Olive oil, a monounsatured “good fat,” is part of the traditional Mediterranean diet. Photo by Claire Freierman | THE NIBBLE.
Good Fat, Bad Fat, Healthy Fat, Unhealthy Fat:
Here’s The Scoop
This is Page 3 of a four-page article. Here we discuss good fats vs. bad fats. Click on the black links below to visit other pages.
Overview: “Good” Fats Vs. “Bad” Fats
Not all oils are created equal in terms of how good they are for you. Saturated and trans fats are “out” with diet advisors and health professionals, who suggest that the total amount of fat you eat is less important than the type of fat you eat. Saturated and trans fats increase the risk for certain diseases. The “good” fats—monounsaturated and polyunsaturated fats—lower disease risk. A healthy diet plan substitutes good fats for bad fats.

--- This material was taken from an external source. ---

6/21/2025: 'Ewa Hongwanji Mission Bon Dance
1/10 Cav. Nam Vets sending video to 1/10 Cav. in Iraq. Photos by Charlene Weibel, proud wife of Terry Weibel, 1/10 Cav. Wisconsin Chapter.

All Fats Are Mixtures Of “Good” & “Bad”
Each type of fat or oil is a mixture of different kinds of fats. For example, canola oil and olive oil are considered manufactured fats, yet:
- Canola oil is 7% saturated fat, 58% monounsaturated fat and 29% polyunsaturated fat.
- Olive oil is 13% saturated fat, 72% monounsaturated fat and 8% polyunsaturated fat. For details, see What Type Of Fat Is It?, published by the Harvard School of Public Health.
Choose healthy fats, limit saturated fat and avoid trans fat. Fats are categorized via their highest concentration of a particular fat, even though it may be less than 50%. See Page 2 to see a chart of the different types of fats.
Unhealthy Fat Types
Learn your fats and eat/cook accordingly.
Saturated Fats (Bad For You!)
Saturated fats are found in many of our favorite foods. They come from animal sources: meat and dairy products. Examples include beef and beef fat (tallow), lamb, pork and lard, poultry (especially the skin), some seafood (particularly shrimp and crayfish), butter, cheese, cream, ice cream, milk, yogurt and other dairy products made from whole or reduced-fat (1%-2%) milk. These foods also contain dietary cholesterol. Some plant foods, such as palm oil, palm kernel oil and coconut oil, also contain primarily saturated fats, but do not contain cholesterol: No plant foods contains cholesterol.
In addition to dietary cholesterol (that which is ingested via food), some cholesterol is produced by the body (blood cholesterol) where it is used for vital purposes—to form cell membranes, some hormones and other needed tissues. But a high level of cholesterol in the blood is a major risk factor for coronary heart disease, which causes heart attacks.
- Very High Cholesterol: egg yolks and organ meats (kidney, liver, sweetbreads, etc.).
- Somewhat High Cholesterol: crayfish, shrimp, fatty beef.
- Medium Cholesterol: lean beef, lamb and pork.
- Moderate Cholesterol: chicken, turkey and fish contain about the same amount of cholesterol. Eating the skin adds cholesterol and fat calories, since so much fat is attached to the skin.
The American Heart Association recommends limiting the amount of saturated fats you eat to 16 grams of saturated fats a day (based on a 2,000 calorie diet).
Trans Fats (Bad For You!)
While many companies have removed the trans fats from their products over the past two years, much of it still remains. Read labels and avoid “partially hydrogenated” fats.
- Read the labels of foods you buy. Some margarines still have trans fats, for example.
- In restaurants and chains, ask if the restaurant has eliminated trans fat (New York City has made this mandatory). If not, steer clear of baked goods, biscuits and fried foods.